Tourists take photographs as snow covered mountain tops rise behind downtown Los Angeles from Kenneth Hahn State Recreation Area in Los Angeles on Jan. 25, 2017. (AP/Vogel)

Bill McCarthy
By Bill McCarthy January 21, 2020

Don’t fall for this old hoax about showering and doing laundry in California

If Your Time is short

  • It's not illegal for Californians to shower and wash laundry on the same day.
  • New California laws instruct water districts to establish strict water budgets, but they don't target individuals with fines.
  • We debunked the same misinformation in 2018.

The police won’t come knocking for Californians who shower and do laundry on the same day, despite what some social media users would have you believe.

An old hoax about California’s water conservation laws recently resurfaced after a guest on a Los Angeles TV station shared misinformation on air.

"Starting Jan. 1 California residents can’t take shower, do laundry, poop in toilet and flush on same day," said one Facebook post that drew thousands of views to the segment, which was broadcast Dec. 31 on KTLA. "No really! This is not satire. 55 Gallons per person!"

The post was flagged as part of Facebook’s efforts to combat false news and misinformation on its News Feed. (Read more about our partnership with Facebook.)

We debunked the same bogus information about California’s conservation efforts in 2018, shortly after then-California Gov. Jerry Brown signed two water-use bills into law.

Now, as the misinformation makes a resurgence, we wanted to set the record straight: It was never illegal for Californians to shower and wash laundry on the same day.

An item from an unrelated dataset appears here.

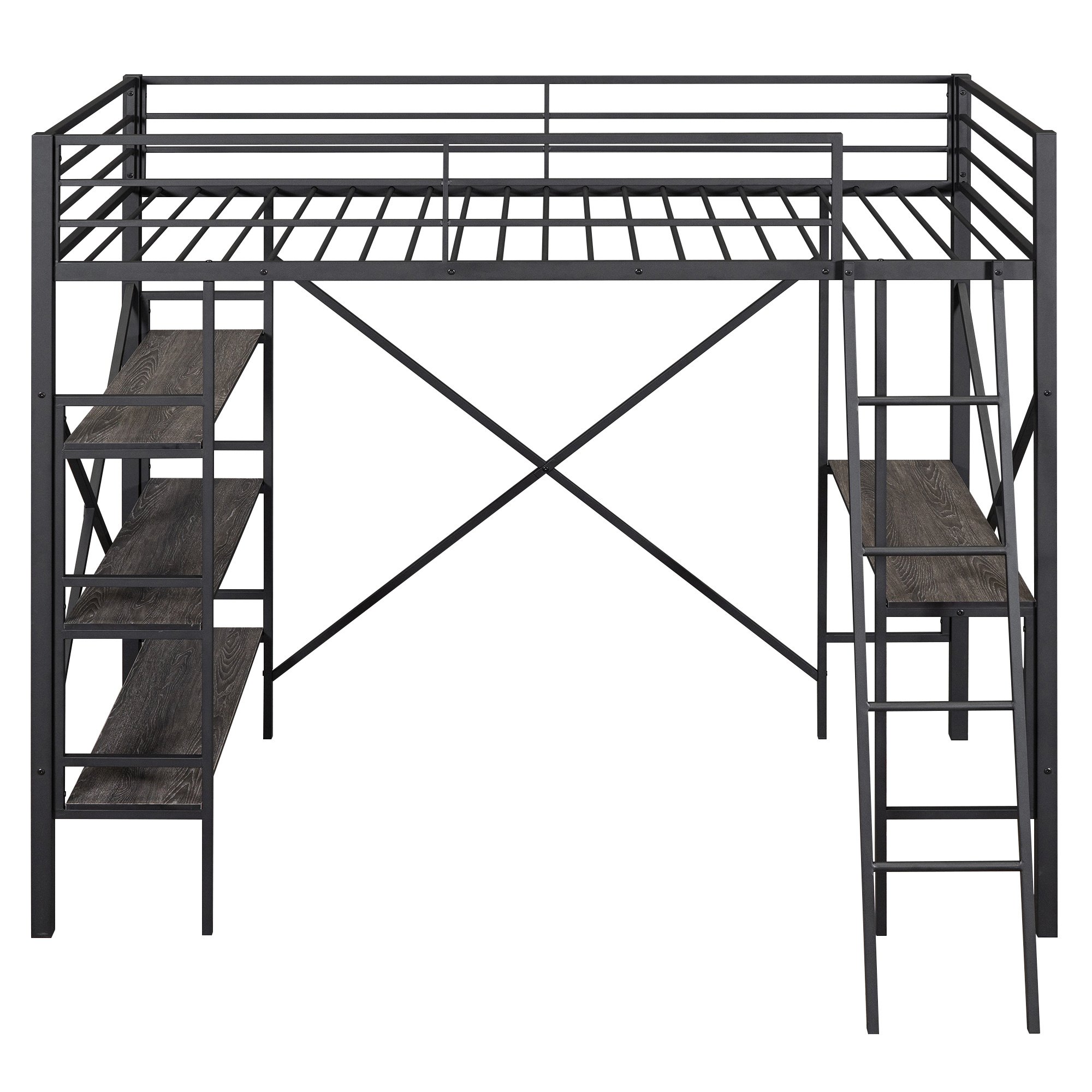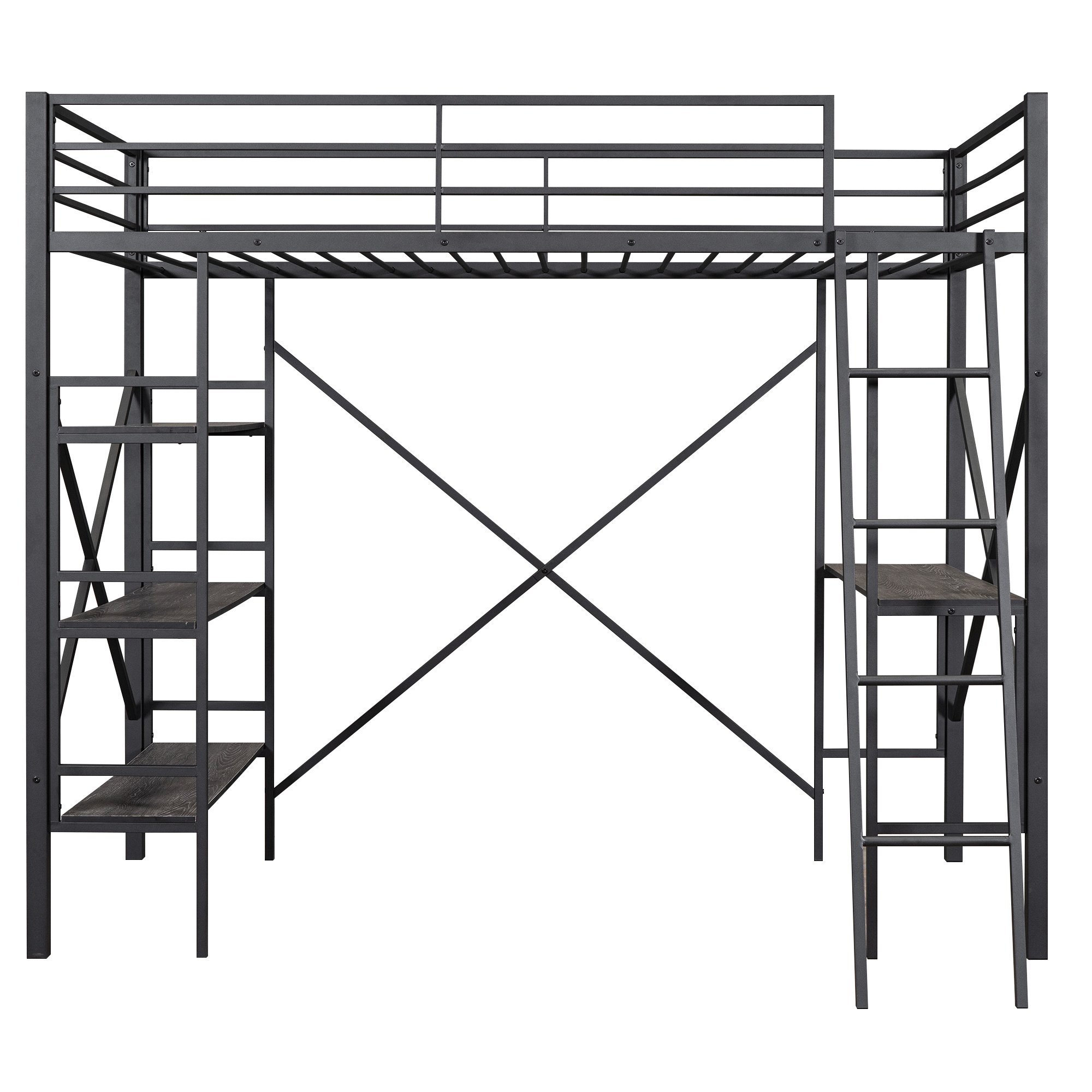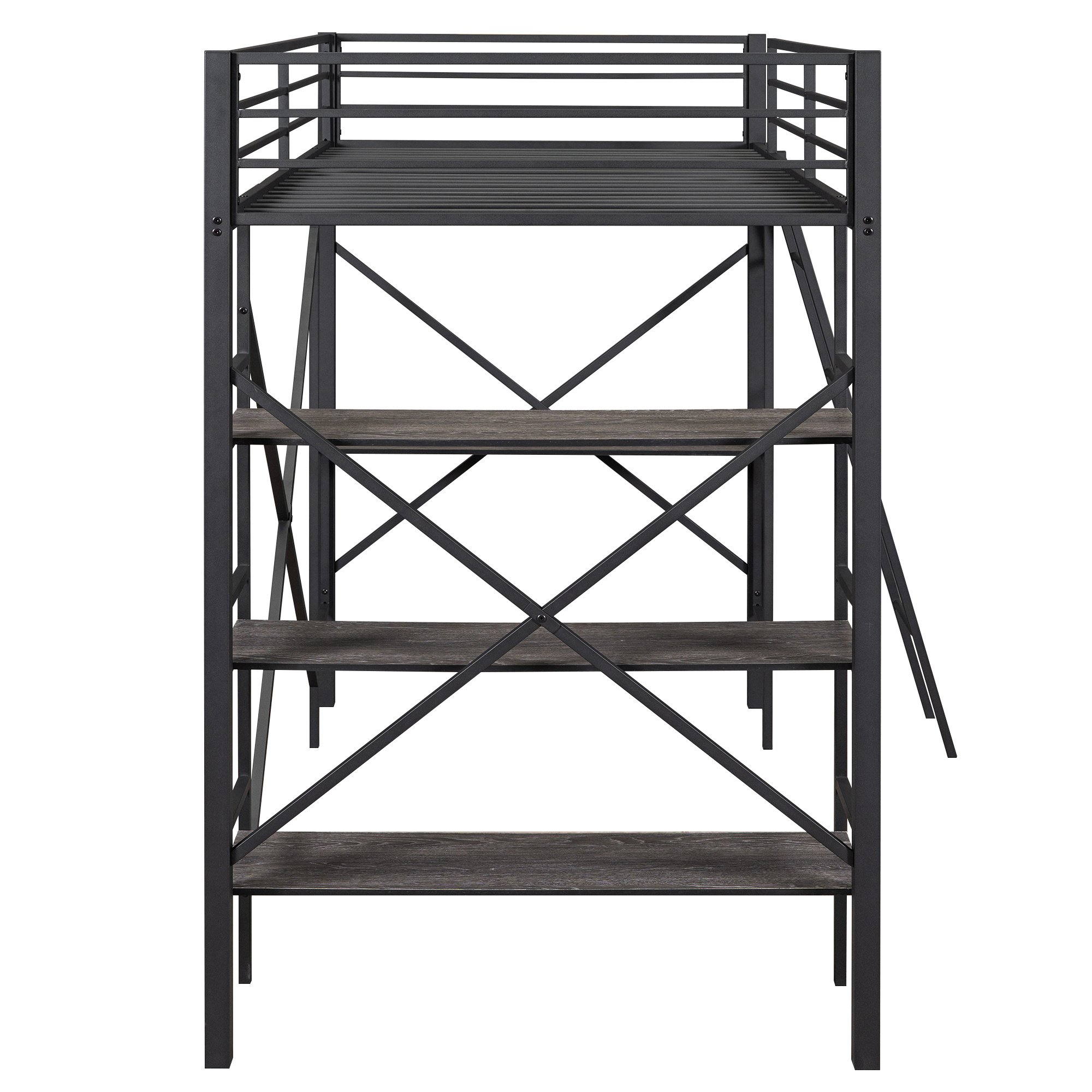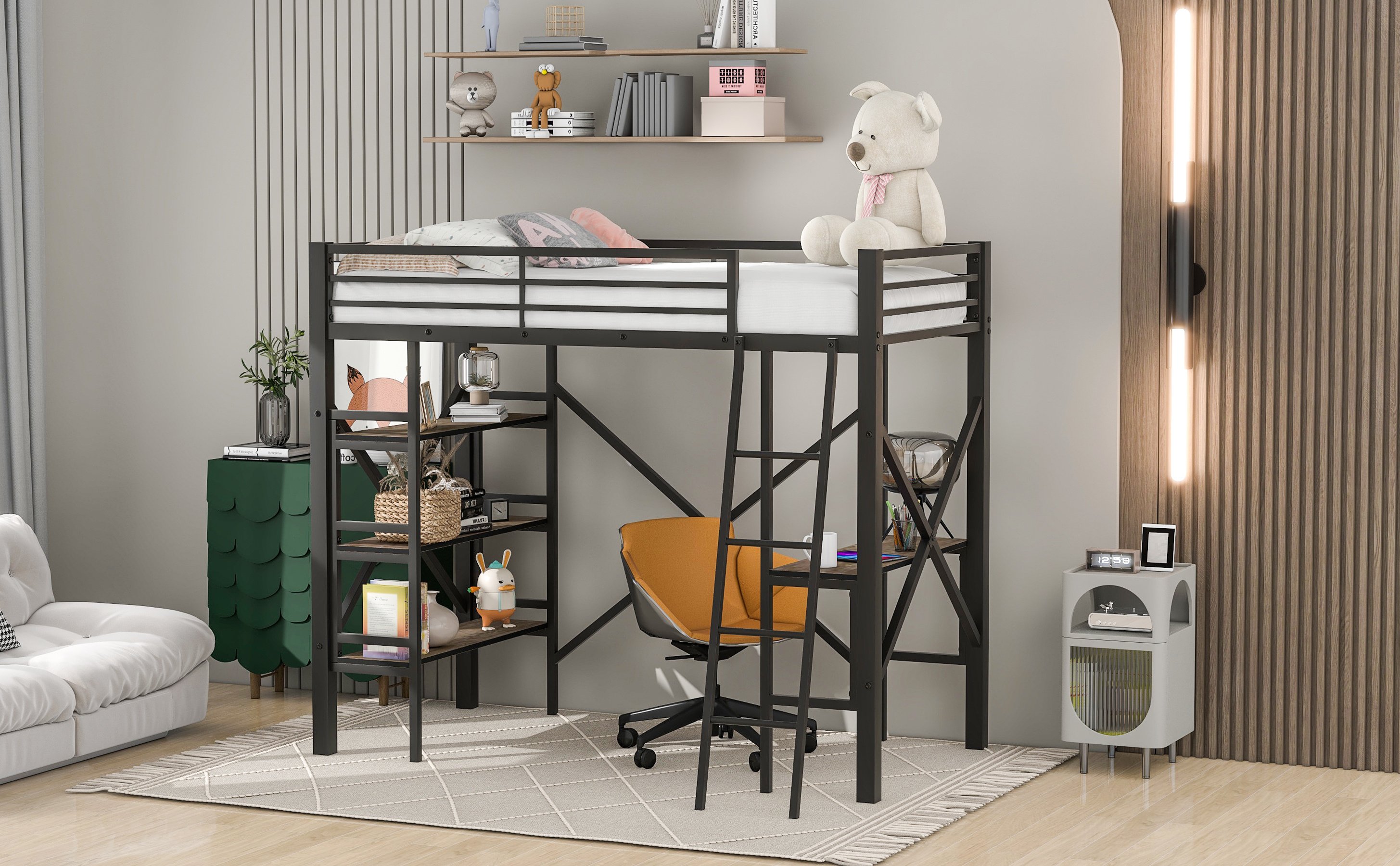 Home > Twin Size Metal Loft Bed with Shelves and Desk

It still isn’t.

Old hoax, new outrage

The renewed controversy came after KTLA, a local TV station, ran a segment on Dec. 31 about "unusual and underreported" California laws taking effect in 2020. 

The network welcomed Southern California lawyer Richard Lee on the show, and an anchor teed up a discussion of two California water laws that Lee said would apply in 2020. 

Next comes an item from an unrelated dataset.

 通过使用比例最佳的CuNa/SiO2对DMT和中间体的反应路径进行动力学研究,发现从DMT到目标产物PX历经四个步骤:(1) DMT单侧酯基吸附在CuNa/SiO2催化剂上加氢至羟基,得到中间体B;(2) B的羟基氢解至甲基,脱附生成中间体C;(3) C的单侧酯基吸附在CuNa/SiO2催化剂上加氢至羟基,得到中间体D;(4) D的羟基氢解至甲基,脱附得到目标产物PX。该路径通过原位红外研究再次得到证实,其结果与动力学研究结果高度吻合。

Lee’s response parroted many of the inaccurate claims we looked at in 2018.

"Doing a load of laundry takes about 40 to 50 gallons of water," Lee said. "Taking a shower for about eight minutes takes about 17 gallons of water."

"Well, there’s a limitation on your daily use of water of 55 gallons per day," he continued. "So that means, if you are taking a shower and if you’re doing a load of laundry, you can’t do both without being in violation of the law."

Lee went on to say that violators would be fined "$1,000 per each day that you are in violation," and more during drought conditions, starting Jan. 1, 2020.

"Wow," KTLA Morning News anchor Mark Kriski said. "So all of a sudden, I can smoke marijuana as much as I want, but I can’t take a shower. Unbelievable."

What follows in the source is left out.